Written in the form of a first-person narrative of events that transpired in a single year following an April dinner party
to celebrate Roy’s twenty-first birthday,
The Aerodrome is a study of his ambivalence when confronted with the dilemmas that have to be faced at the juncture of adolescence and adulthood and when traditional, unquestioned ways are confronted by new and appealing ones that demand acceptance or rejection almost immediately.
The narrative opens with Roy, who has been told that his "parents" are actually his guardians, recovering from a drinking binge that followed the Rector’s revelation. On his return to the rectory, he overhears the Rector confessing to having killed a fellow divinity student, Anthony, because of jealousy, while on a mountaineering excursion twenty-two years earlier. (Anthony had been offered the
village benefice and had gained the affection of the girl whom both courted.)
On the following day, the Rector, his wife, Roy, the Squire, and the Squire’s sister, Florence, attend the local agricultural fair where the Flight-Lieutenant mischievously lets loose the Squire’s prize bull, Slazenger, and kills the Rector while demonstrating a machine gun that has been inadvertently loaded with live ammunition. Meanwhile, Roy has sex with Bess, the innkeeper’s daughter.
At the Rector’s funeral, the Air Vice-Marshal announces his plan for taking over the village, converting the Manor into an officers’ club, and appointing the Flight-Lieutenant as village padre. Roy decides to abandon his plans for a career in the civil service, to join the air force, and to marry Bess. The new padre marries them clandestinely. The Squire, who is wholly disconsolate at the loss of the Manor and its lands, which was for generations the center of the village’s life, dies after apparently trying to tell Roy something about the young man’s origins.

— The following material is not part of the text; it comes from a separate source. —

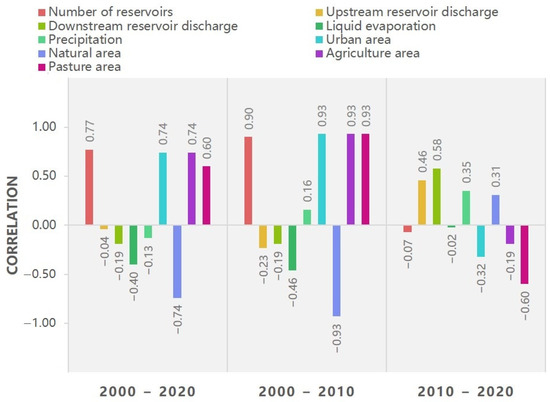For the first decade (2000–2010), only the LULC parameters and the number of reservoirs showed statistically significant correlations with the total area of the reservoirs (Table S7). These parameters show the highest correlations with the surface area (Figure 5). This was expected because the construction of a new reservoir makes a major contribution to the sum of the total area of the reservoirs. Considering the period from 2000 to 2010, the lowest correlation was found for precipitation, while the land-use-related classes were correlated positively with the total surface water area. Surprisingly, the area occupied by natural vegetation presented a high negative correlation. However, in the first decade, the area occupied by natural vegetation is converted not only into urban and farming areas but also into new artificial reservoirs, which explains this negative correlation. In the second decade, there was an inversion of the correlation between the surface water area and LULC parameters. In this period, the construction of dams decreased, causing the surface water area in the watershed to decrease as the land use increased.

Bess’s mother, Eva, aware of how close Roy and her daughter have become, advises Roy that a marriage between the two is impossible because they are siblings (Bess was born to her while she was a maid in the rectory, she says, and Roy was born five months after his parents’ marriage and before they moved to the village—hence, the Rector’s claim at the dinner party that the innkeeper’s wife had asked them to rear a foundling.) Roy is dumbfounded and wanders by a tin hut in the fields below the aerodrome where he and Bess consummated their marriage; he discovers Bess and the Flight-Lieutenant having sex. Questioning reveals that they first had sex the day before Bess got married; Roy decides, however, that despite their presumed consanguinity, he loves Bess and will never leave her.

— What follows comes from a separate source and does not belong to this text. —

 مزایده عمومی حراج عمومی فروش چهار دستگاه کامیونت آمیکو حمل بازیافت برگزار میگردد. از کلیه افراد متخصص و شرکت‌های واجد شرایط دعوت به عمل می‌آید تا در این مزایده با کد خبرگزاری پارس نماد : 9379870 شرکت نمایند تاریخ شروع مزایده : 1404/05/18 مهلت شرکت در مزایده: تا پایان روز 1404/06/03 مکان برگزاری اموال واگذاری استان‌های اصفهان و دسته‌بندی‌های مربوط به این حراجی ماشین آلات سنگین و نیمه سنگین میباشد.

After his induction into the air force, Roy attends chapel, where the Air Vice-Marshal addresses recent recruits and presents his philosophy and program: Parenthood, ownership, love, and locality represent the past and the feudal, inefficient, and bumbling ways of the Village; sex, freedom, necessity, and power—by contrast—represent the Aerodrome and the future. Roy thereupon enters into a liaison with Eustasia, the young wife of the elderly chief mathematician of the Aerodrome and the former mistress of the Flight-Lieutenant, among others. Roy gains rapid preferment as private secretary to the Air Vice-Marshal but becomes increasingly alienated from his superior’s philosophy.
At a chapel service, the Flight-Lieutenant (in the role of rector) says that the Village was better off before the Aerodrome came; the Air Vice-Marshal closes the chapel and arrests and then demotes the Flight-Lieutenant to mechanic. In the furor in the chapel, the late Squire’s sister, Florence, while rushing to defend the rector (whom she identifies as "my boy"), is shot dead by the Air Vice-Marshal.
Eustasia informs Roy that she is pregnant; Bess has a mental breakdown and is treated by Dr. Faulkner, who has ties to both the Village and the Aerodrome. Eustasia and the former Flight-Lieutenant, reconciled, are killed in a car accident engineered by the Air Vice-Marshal; he, in turn, is killed when his airplane crashes because a wing on which the demoted Flight-Lieutenant had worked collapses.
In a confrontation immediately before the airplane accident, Dr. Faulkner and the Rector’s widow, addressing the Air Vice-Marshal as Anthony, reveal the complicated relationships of the principal characters. The Rector’s attempt to murder his friend, Anthony, more than twenty years earlier, was unsuccessful; unbeknown to the Rector, Dr. Faulkner nursed him back to health. Roy’s mother, pregnant with Anthony’s child, then married the Rector, though she did not love him, and he, in consequence, made love to Eva, the innkeeper’s wife, who was then the Rector’s housemaid, and became the father of Bess (who, it thus turns out, is not Roy’s sister). Meanwhile, Anthony had an affair with the Squire’s sister, Florence, who bore him a son, the Flight-Lieutenant.
In the words of Anthony, the Air Vice-Marshal, "what a record of confusion, deception, rankling hatred, low aims, indecision!"